AVB Restschuldarbeitsunfähigkeitsversicherung § 1 Abs. 1
In einer Restschuld-Arbeitsunfähigkeitsversicherung reicht eine Teilarbeitsunfähigkeit zur Leistungsbegründung aus, wenn die Versicherungsbedingungen offen lassen, ob vollständige Arbeitsunfähigkeit vorliegen muss.
LG Dortmund, Urt. v. 14.1.2010 – 2 O 399/08
Die Klägerin hat bei der Beklagten zur Absicherung eines für den Ankauf eines Pkw abgeschlossenen Ratenkredits eine Restschuldarbeitsunfähigkeitsversicherung abgeschlossen.

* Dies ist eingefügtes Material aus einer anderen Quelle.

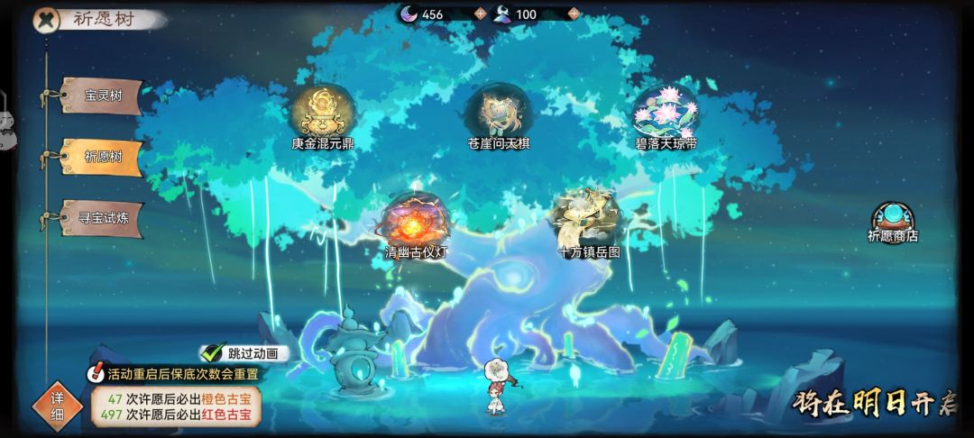- 祈愿树首次开启时间为9月21日,之后每隔三周会再次开启,应该会与仙途试炼同步。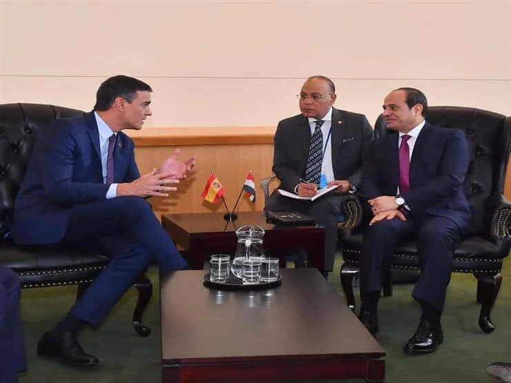 التقى اليوم الرئيس المصري عبد الفتاح السيسي في نيويورك مع رئيس وزراء أسبانيا بيدرو سانشيز على هامش أجتماع الجمعية العامة للأمم المتحدة. وقال المتحدث الرسمي بإسم رئاسة الجمهورية السفير بسام راضي أن الرئيس السيسي أشاد بالمستوى المتميز للعلاقات الثنائية بين مصر وأسبانيا، معرباً عن تطلع مصر لمواصلة الارتقاء بتلك العلاقات وتفعيل أطر التعاون المشترك على جميع المستويات. كما أعرب السيسي علي التنسيق الوثيق بين البلدين والمواقف إزاء القضايا الإقليمية والدولية ذات الاهتمام المشترك مؤكداً علي أهمية استمرار وتفعيل آليات التشاور المنتظم بين البلدين.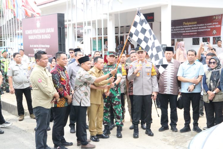 KATIGO.ID | JAMBI – Kapolda Jambi Irjen Pol. Krisno H. Siregar ikuti pelaksanaan pelepasan distribusi logistik kotak suara di Kantor KPU Kabupaten Bungo pada Jumat (4/4/2025).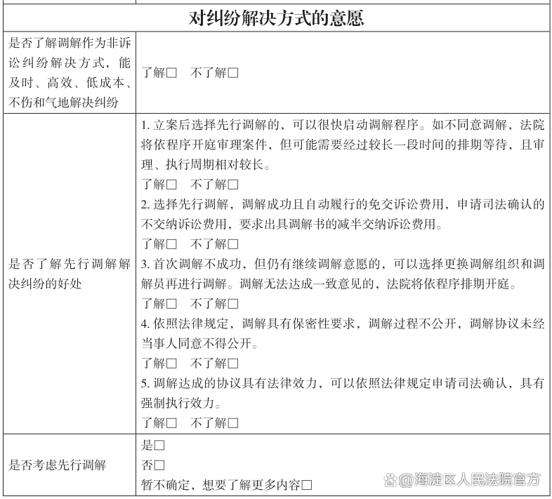对纠纷解决方式的意愿主要对“调解”方式进行了介绍,如先行调解的程序、周期、费用成本等,并对原告的调解意愿进行统计,使原告在立案时充分了解不同纠纷化解方式的特点,帮助原告选择最有利的方式解决纠纷。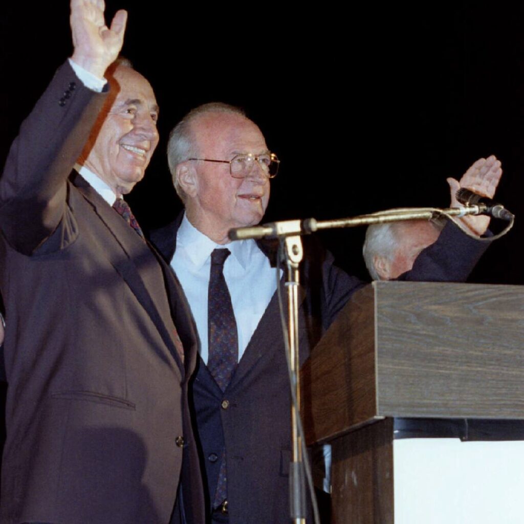 “Permettez-moi de dire que je suis moi aussi enthousiaste. Je tiens à remercier chacun d’entre vous qui êtes venus ici pour dénoncer la violence et défendre la paix. Le gouvernement que j’ai l’honneur de diriger, avec mon ami Shimon Peres, a décidé de donner une chance à la paix. Une paix qui résoudra la plupart des problèmes de l’État d’Israël.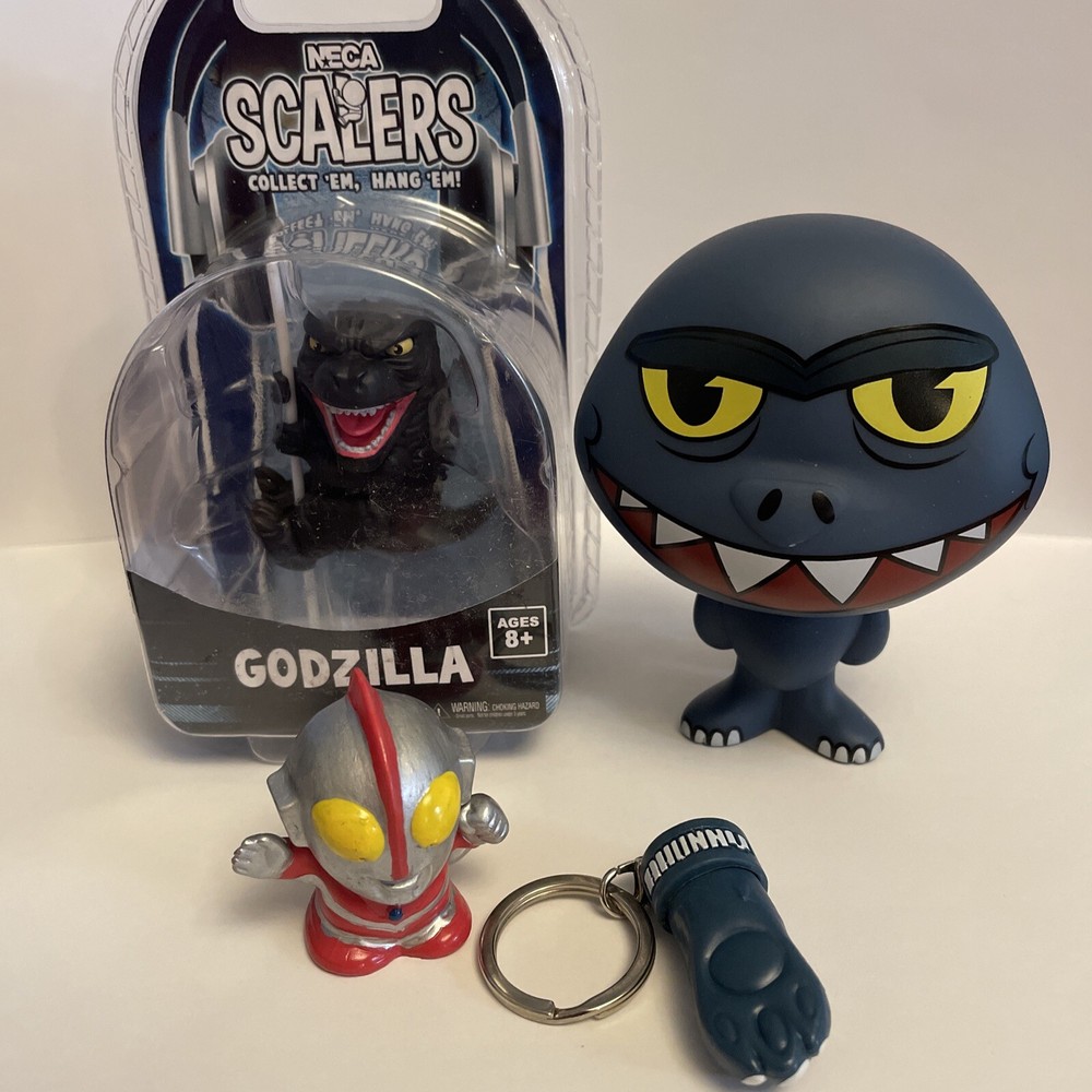 Kid Robot Godzilla 1954 Figure with "Bhunny" Paw keychain NECA Scaler in package Ultraman mini to help fight Godzilla...
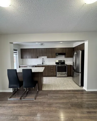 +"PublicRemarks": "Welcome to the brand-new Thompson End. A luxury, traditional 2-storey end unit townhouse situated on a rare oversized lot with approximately 150 ft of depth. Offering exceptional outdoor space and privacy. Located in the highly desirable Seaton community in Pickering. This home provides outstanding convenience, just minutes to Highway 407, GO Station (close enough to avoid parking congestion), parks, shopping centres, and all essential amenities.This beautifully designed 4 bedroom, 3 bath residence is loaded with upgrades throughout. It features high ceilings and large windows, creating a bright and airy interior filled with natural light. Modern laminate flooring throughout with no carpet enhances both style and low maintenance living. The functional open concept layout is ideal for modern lifestyles. The upgraded kitchen offers brand new stainless steel appliances, overhead microwave, a spacious breakfast island, and ample cabinetry, seamlessly overlooking the generous living and dining areas, perfect for entertaining .A rare opportunity to live in a stylish, move-in ready home in a thriving new community. This property truly checks all the boxes for comfort, location, and modern design."

Während der Versicherungsdauer erkrankte die Klägerin an Multipler Sklerose und konnte deshalb ihren Beruf als Altenpflegerin nicht mehr ausüben.
Die Beklagte hat die monatlichen Darlehensraten übernommen und bis einschließlich Mai 2008 an die kreditierende Bank gezahlt. Weitere Leistungen lehnte sie wegen behaupteter Berufsunfähigkeit ab. Deshalb zahlt die Klägerin seit Juni 2008 die monatlichen Raten wieder selbst an die kreditierende Bank.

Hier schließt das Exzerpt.